- **HOW TO COMPLETE THIS TASK**
Repeat the data that follows in full. Do not include the pictures.
SUPPLIED MATERIAL below:
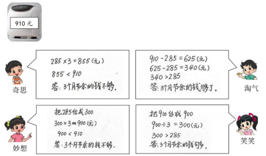 8.林林的哥哥勤工俭学,平均每个月节余285元,他想用每月节余的钱为奶奶买一台小洗衣机(如下图),3个月节余的钱够吗?下面同学们的想法正确的( )
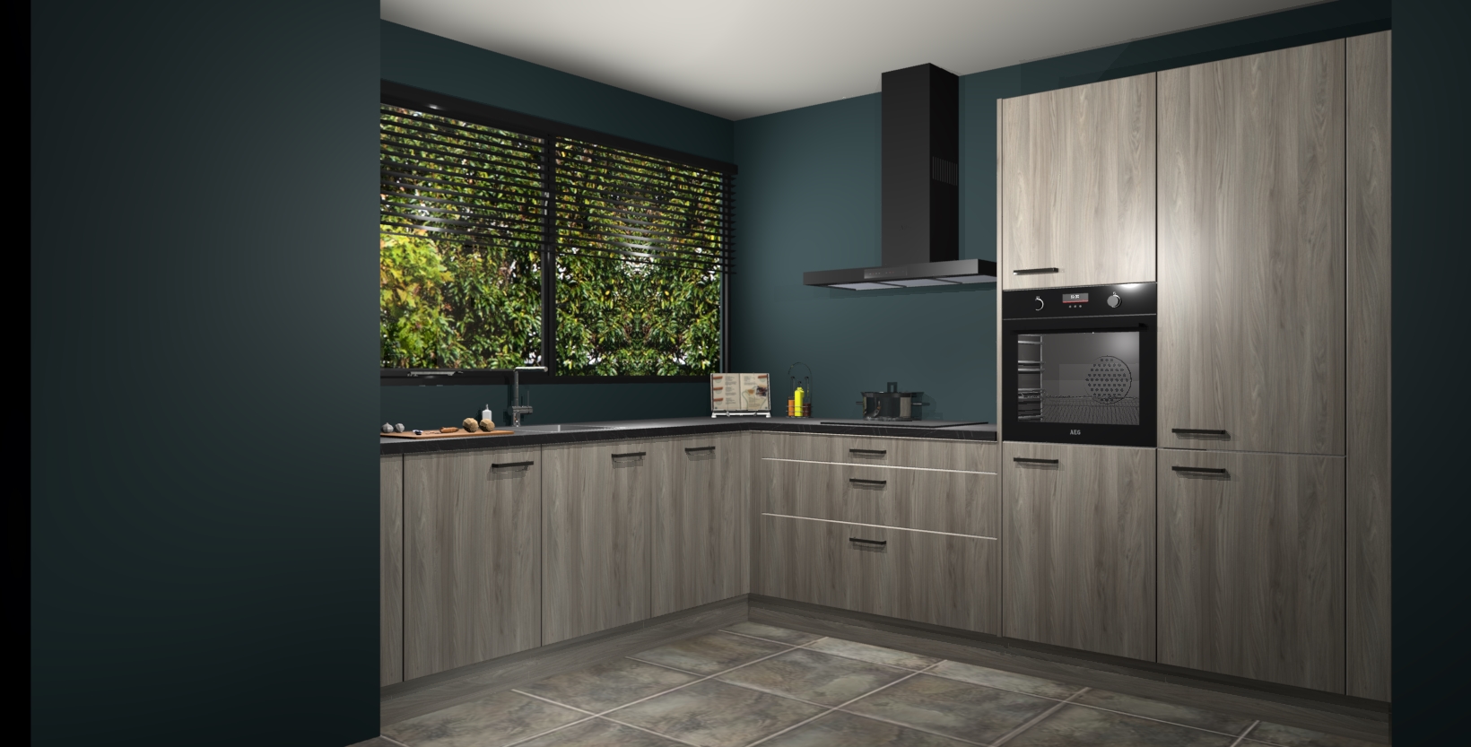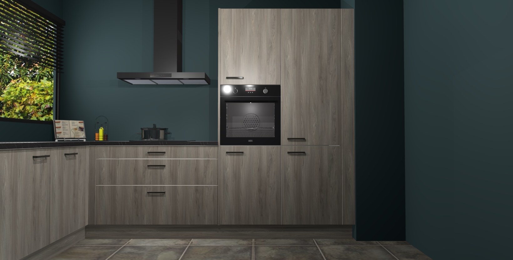 Met een modern, tijdloos design en ruime opslagruimte, zult u zich in no-time thuis voelen in uw nieuwe keuken. Uw leven wordt eenvoudiger met de soft-close deuren die voor het ultieme stille comfort zorgen - geen geluid dat u stoort terwijl u kookt. Ook is de keuken voorzien van 5 ingebouwde apparaten: een oven, inductie kookplaat, afzuigkap, vaatwasser en koelkast. Deze kunnen gemakkelijk na bestelling worden bijgewerkt naar AEG - waardoor uw luxe ervaring compleet is.
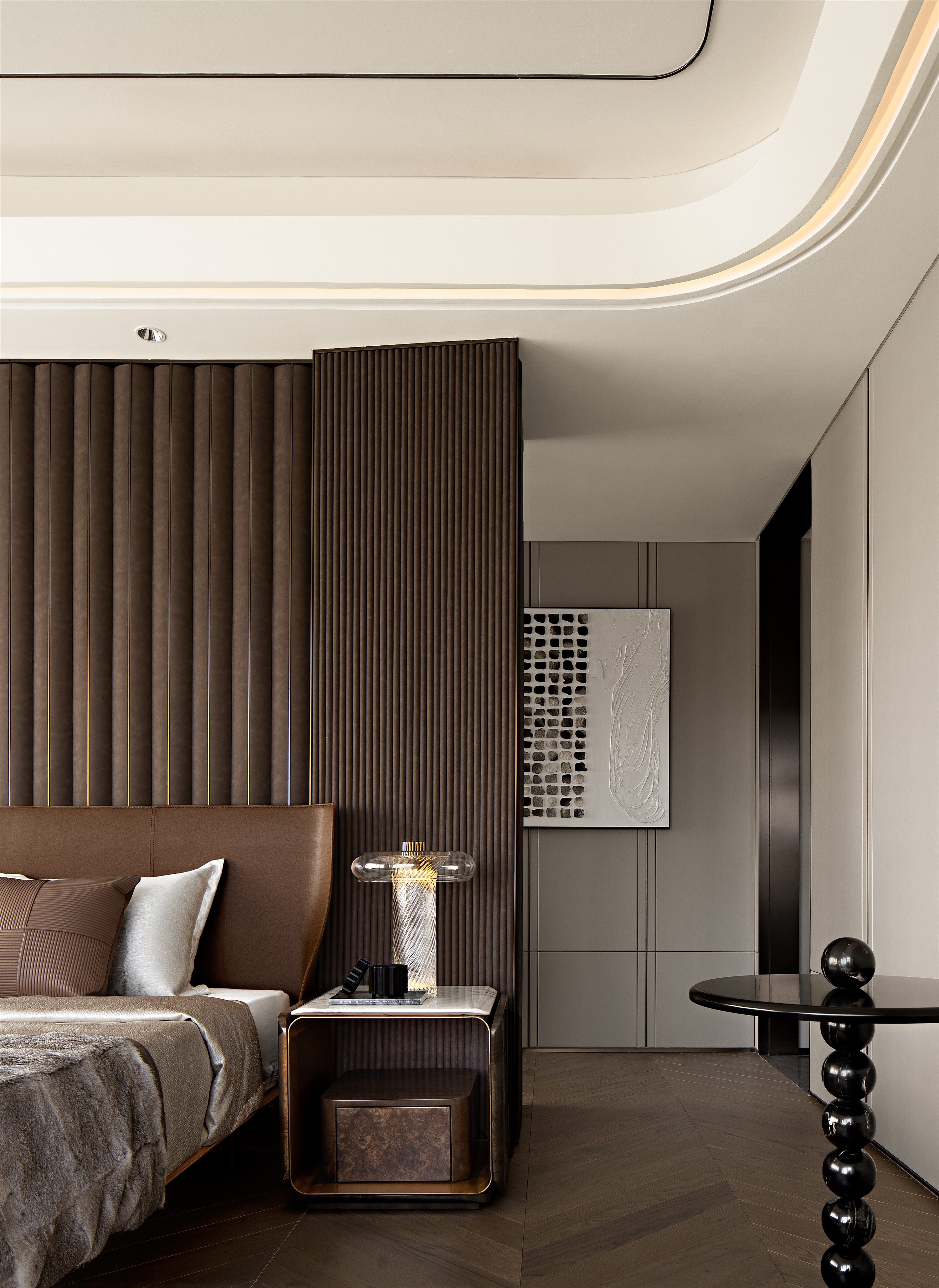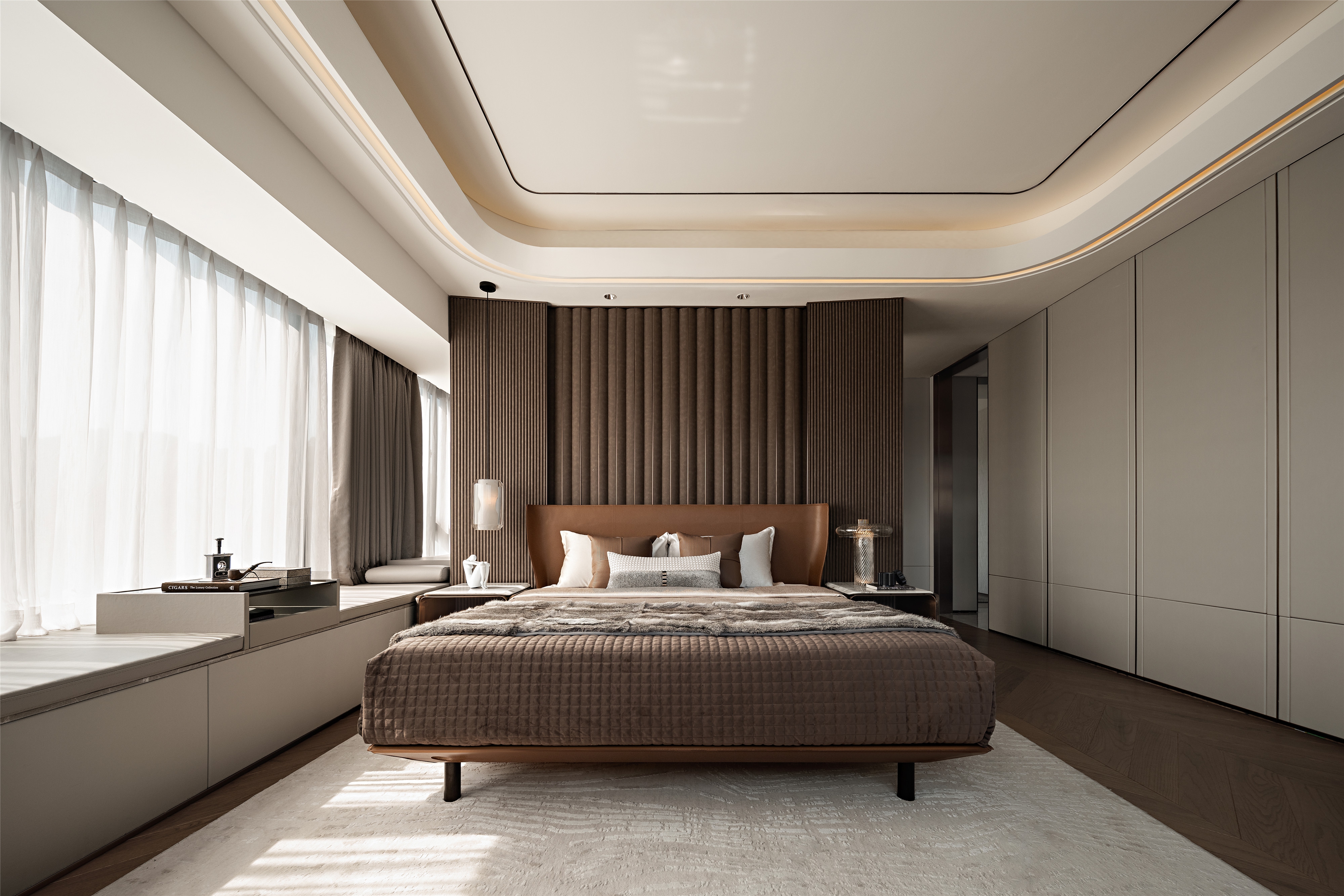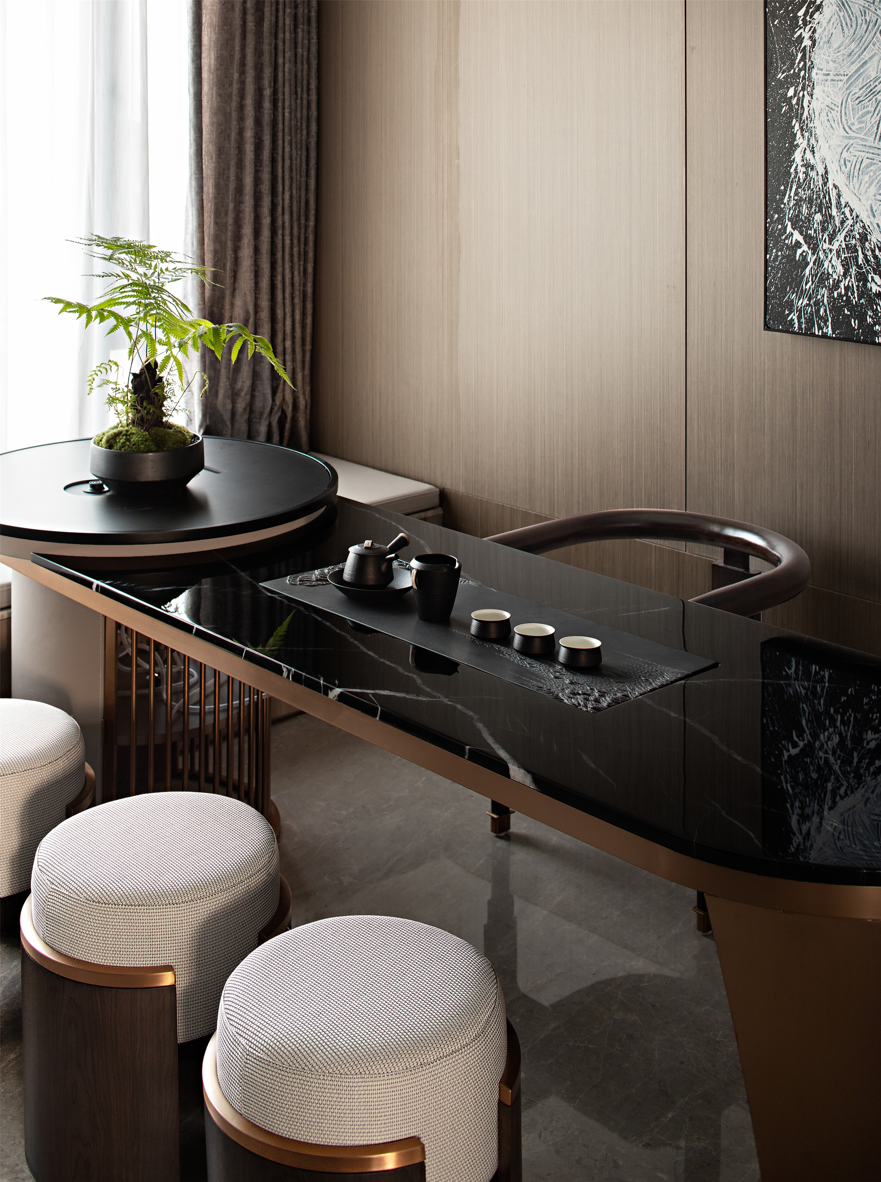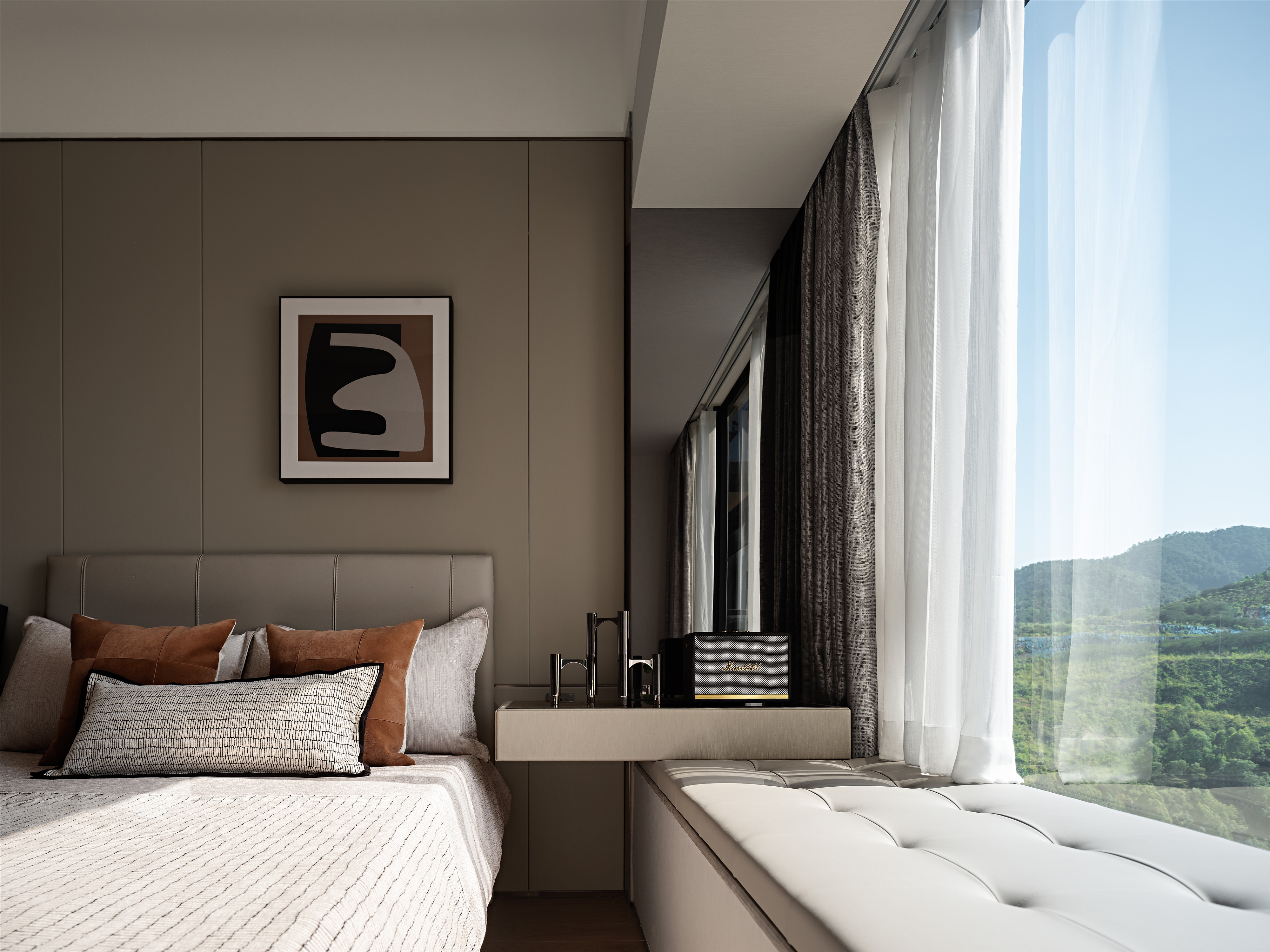 In the tea room, the natural stone echoes collections on the shelf. It’s elegant and serene, with fresh air by lush plants. The bedroom with a 270°viewing window and warm wood creates a cosy space. Thus, a warm home is created, giving residents a sense of value and belonging.
End of SUPPLIED MATERIAL.
- **TASK OUTPUT**
 8.林林的哥哥勤工俭学,平均每个月节余285元,他想用每月节余的钱为奶奶买一台小洗衣机(如下图),3个月节余的钱够吗?下面同学们的想法正确的( )
 Met een modern, tijdloos design en ruime opslagruimte, zult u zich in no-time thuis voelen in uw nieuwe keuken. Uw leven wordt eenvoudiger met de soft-close deuren die voor het ultieme stille comfort zorgen - geen geluid dat u stoort terwijl u kookt. Ook is de keuken voorzien van 5 ingebouwde apparaten: een oven, inductie kookplaat, afzuigkap, vaatwasser en koelkast. Deze kunnen gemakkelijk na bestelling worden bijgewerkt naar AEG - waardoor uw luxe ervaring compleet is.
 In the tea room, the natural stone echoes collections on the shelf. It’s elegant and serene, with fresh air by lush plants. The bedroom with a 270°viewing window and warm wood creates a cosy space. Thus, a warm home is created, giving residents a sense of value and belonging.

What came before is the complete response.